"Termasuk dalam hal pendanaan dan biaya kampanye, baik untuk Pilgub maupun untuk Pilpres," kata pakar hukum tatangera dari Universitas Parahyangan (Unpar) Bandung, Asep Warlan Yusuf, kepada
Kantor Berita Politik RMOL beberapa saat lalu (Senin, 27/6).
Menurut Asep, dalam politik memang hal nisacaya bila ada komunikasi antara politik dengan pengusaha. Bagaimapun selalu saja ada pengusaha yang berkepentingan dengan penguasa, atau calon penguasa. Karena itu, tak heran bila Jokowi dan Ahok juga berkomunikasi dengan para pengusaha, khususnya pengusaha di bidang properti.
"Dalam konstruksi hukum, bantuan pengusaha ini boleh-boleh saja selama tidak melebihi batas maksimal yang telah ditetapkan oleh aturan.

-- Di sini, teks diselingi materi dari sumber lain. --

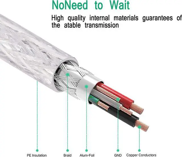 Features foil & braid shielding, gold plated contacts and copper twisted-pair construction providing excellent performance,you can clearly see the internal structure.

Sah-sah saja," ungkap Asep, menanggapi rekaman video, yang dalam video tersebut Ahok mengatakan bahwa Jokowi tak bisa jadi presiden bila tak dibantu pengusaha.
Dengan demikian, sambung Asep, ungkapan Ahok bahwa ada pengusaha yang membantu Jokowi dalam Pillpres, merupakan hal yang wajar saja. Ungkapan itu tidak berdampak apa-apa, selama tidak ada unsur korupsi dan kolutifnya.
Bila di kemudian hari ada persoalan lain, termasuk suap, lanjut Asep, maka ini menjadi tugas penegak hukum, terutama Komisi Pemberantasan Korupsi (KPK), untuk membongkar dan menuntaskannya. Namun yang jelas, persoalan yang belakangan ini terungkap, memang jelas terlihat Ahok mau membawa-bawa nama Jokowi dalam persoalan yang melilitnya, seperti dalam kasus reklamasi maupun pembelian lahan untuk Rumah sakit Sumber Waras.
"Karena itu, jelas ini menjadi tugas penegak hukum untuk menelusrinya. Dari sisi komunikasi, untuk menepis asumsi orang bahwa Jokowi terlibat dalam persoalan Ahok, Pak Jokowi bisa mengatakan dan menjelaskan secara normatif kepada publik, bahwa ia tak selamanya memantau perilaku dan langkah Ahok," ungkap Asep.
Dalam kasus hukumnya, Asep berharap penegak hukum berani bisa men-clearkan-masalah ini. Namun ia juga meminta pada publik tak
underestimate terhadap penegak hukum, khusunya KPK.